───── Records ─────

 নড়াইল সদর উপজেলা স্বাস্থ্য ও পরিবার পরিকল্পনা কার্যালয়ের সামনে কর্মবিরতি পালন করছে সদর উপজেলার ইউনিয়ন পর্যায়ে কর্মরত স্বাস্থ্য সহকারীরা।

─────
───── Records ─────

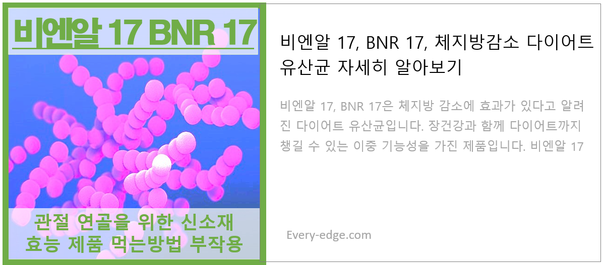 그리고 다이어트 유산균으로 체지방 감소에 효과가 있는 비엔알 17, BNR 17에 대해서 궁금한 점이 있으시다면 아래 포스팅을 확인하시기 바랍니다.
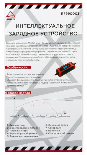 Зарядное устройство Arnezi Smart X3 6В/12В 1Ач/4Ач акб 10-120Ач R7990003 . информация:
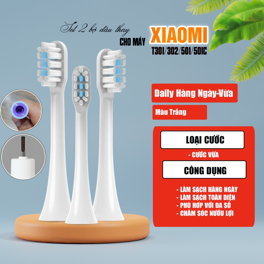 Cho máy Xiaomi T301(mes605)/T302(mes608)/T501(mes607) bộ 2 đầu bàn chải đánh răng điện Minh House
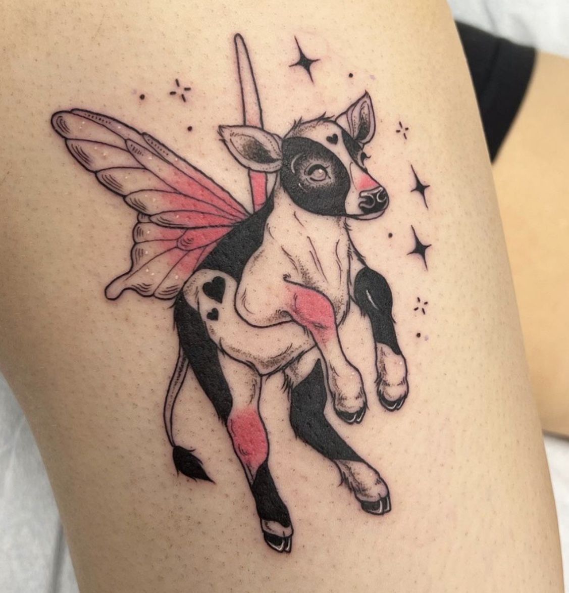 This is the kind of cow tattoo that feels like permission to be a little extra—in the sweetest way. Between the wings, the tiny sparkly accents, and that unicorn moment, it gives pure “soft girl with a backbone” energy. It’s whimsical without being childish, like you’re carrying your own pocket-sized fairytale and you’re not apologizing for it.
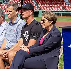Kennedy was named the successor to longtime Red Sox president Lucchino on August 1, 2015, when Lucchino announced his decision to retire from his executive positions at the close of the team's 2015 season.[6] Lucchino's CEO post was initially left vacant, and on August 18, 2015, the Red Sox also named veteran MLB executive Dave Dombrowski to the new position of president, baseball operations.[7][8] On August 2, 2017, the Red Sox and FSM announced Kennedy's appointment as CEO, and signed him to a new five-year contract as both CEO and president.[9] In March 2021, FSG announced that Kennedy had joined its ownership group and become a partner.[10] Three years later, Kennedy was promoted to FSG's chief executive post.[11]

─────
───── Records ─────

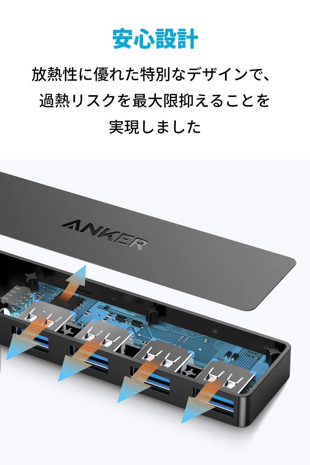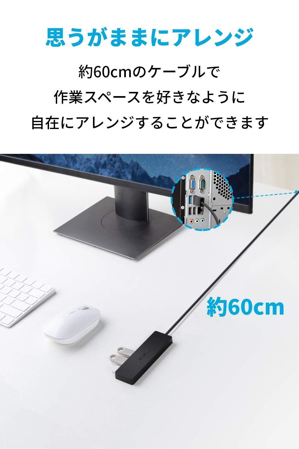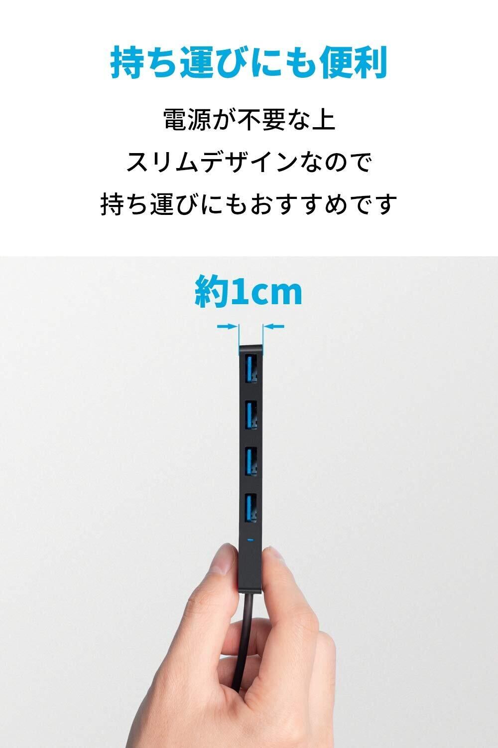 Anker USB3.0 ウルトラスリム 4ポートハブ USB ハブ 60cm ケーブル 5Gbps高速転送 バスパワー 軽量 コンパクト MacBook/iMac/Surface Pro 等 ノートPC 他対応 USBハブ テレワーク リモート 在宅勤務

─────

## What the exercise asks
Reproduce the listing above only between the lines holding "This is the" and "Kennedy was named", inclusive. Every line must match exactly, and pictures are dropped.

## Exercise solution
 This is the kind of cow tattoo that feels like permission to be a little extra—in the sweetest way. Between the wings, the tiny sparkly accents, and that unicorn moment, it gives pure “soft girl with a backbone” energy. It’s whimsical without being childish, like you’re carrying your own pocket-sized fairytale and you’re not apologizing for it.
Kennedy was named the successor to longtime Red Sox president Lucchino on August 1, 2015, when Lucchino announced his decision to retire from his executive positions at the close of the team's 2015 season.[6] Lucchino's CEO post was initially left vacant, and on August 18, 2015, the Red Sox also named veteran MLB executive Dave Dombrowski to the new position of president, baseball operations.[7][8] On August 2, 2017, the Red Sox and FSM announced Kennedy's appointment as CEO, and signed him to a new five-year contract as both CEO and president.[9] In March 2021, FSG announced that Kennedy had joined its ownership group and become a partner.[10] Three years later, Kennedy was promoted to FSG's chief executive post.[11]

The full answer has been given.